The model and framed drawing and in the case to the right are early schemes for the Robert F. Wagner Jr. Park and Pavilion, designed by the Boston-based firm Machado Silvetti. The park, directly across the street from The Skyscraper Museum, opened in 1996. The ensemble of architecture and landscape design, by Hanna/ Olin and garden designer Lynden B. Miller, features a grassy plane sloping down to the harbor and framed by two brick of pavilions joined by a wooden bridge. Rodolfo Machado describes the design in the statement below.
Watercolor drawing of Wagner Park Pavilion, October 1, 1993. Machado Silvetti, collection of Battery Park City Authority.
Robert F. Wagner, Jr. Park: An Urban Waterfront Park
Battery Park City, New York
Wagner Park Pavilion at Sunset, c. 1996 ©Machado Silvetti
The Robert F. Wagner, Jr. Park occupies a unique site characterized by its spectacular views of the Statue of Liberty and its relatively small area located at the center of colossal surroundings.
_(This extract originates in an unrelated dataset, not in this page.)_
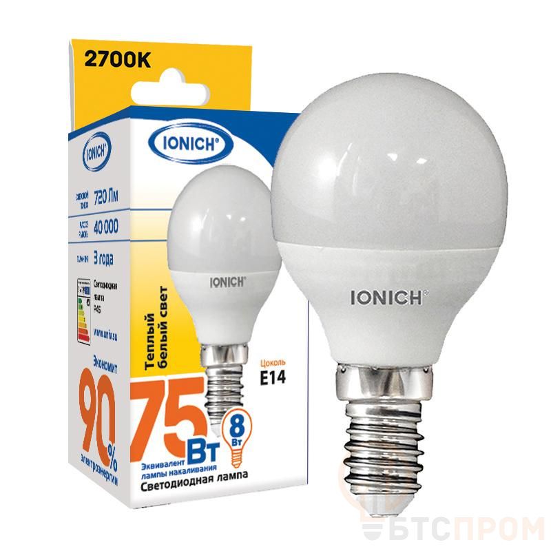 Лампа светодиодная ILED-SMD2835-P45-8-720-230-2.7-E14 P45 8Вт Шар 2700К тепл. бел. Е14 230В IONICH 1642
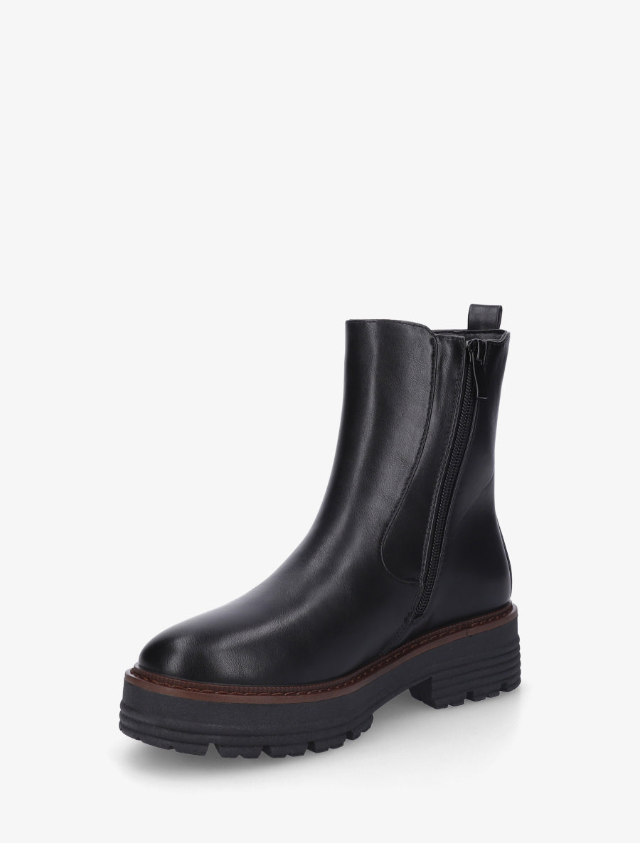 Adoptez un style affirmé avec ces boots en simili cuir noir à la silhouette structurée. Leur tige de 16 cm gainante se distingue par une cheville élastiquée qui assure un maintien optimal et un enfilage facilité. Le talon bloc de 4 cm offre stabilité et confort tout au long de la journée. La semelle crantée garantit une adhérence parfaite, tandis que le contrefort à anneau métallique apporte une touche moderne. La fermeture zippée intérieure à la cheville permet un ajustement précis. Parfaites pour compléter vos looks urbains avec caractère et praticité.

The main function of this public place - the reason for its existence - is to provide a privileged viewing of the Statue of Liberty and the New York Harbor from a unique "point" along the New York waterfront.
The design of the park rests on three main components: a pair of allées that bring pedestrians from existing city sidewalks toward the main park entrance; a pair of pavilions connected by a bridge, constituting the main building; and a grass lawn framed by a continuous path and benches. This "Y" shaped architectural ensemble is the backbone of the park, resting in gardens that connect it to the Battery Park City Esplanade to the North and to Battery Park to the South.
The building is conceived as a large, over-scaled, massive masonry wall split in the center, framing (on approach) the view to the Statue. On the wall’s surfaces, a variety of brick patterns are displayed following a precise figurative symbolic strategy: the representation of a watchful, colossal, half-emerging face. This massive formation crumbles toward the city side to form a pair of large public steps that seemingly prolong the allées and bring the public up to a pair of balconies overlooking the lawn and harbor. From the center of the bridge connecting the two balconies, the viewer’s position relative to the Statue of Liberty is "face to face," direct.
This perspective drawing of the Plaza records an important moment along the design process, when we were freely playing with the Statue's attributes as material for the design of the space. Thus, the book-like paved ground represents the book in Liberty's hand, its pages becoming steps, etc.
The pavilions had, at some point, a pergola like canopy, such as the ones used in the excavation of ruins to protect them from the sun. We had a profound and rewarding dialogue with David Emil, then CEO of BPCA, and with Laurie Olin, our Landscape Architect, friend and Harvard colleague at that time. Often the late Mickey Friedman, Art Advisor, and Herbert Muschamp, the New York Times Architecture Critic, were part of the conversation as well. It was a splendid design process, of the kind rarely experienced today in designing significant public places.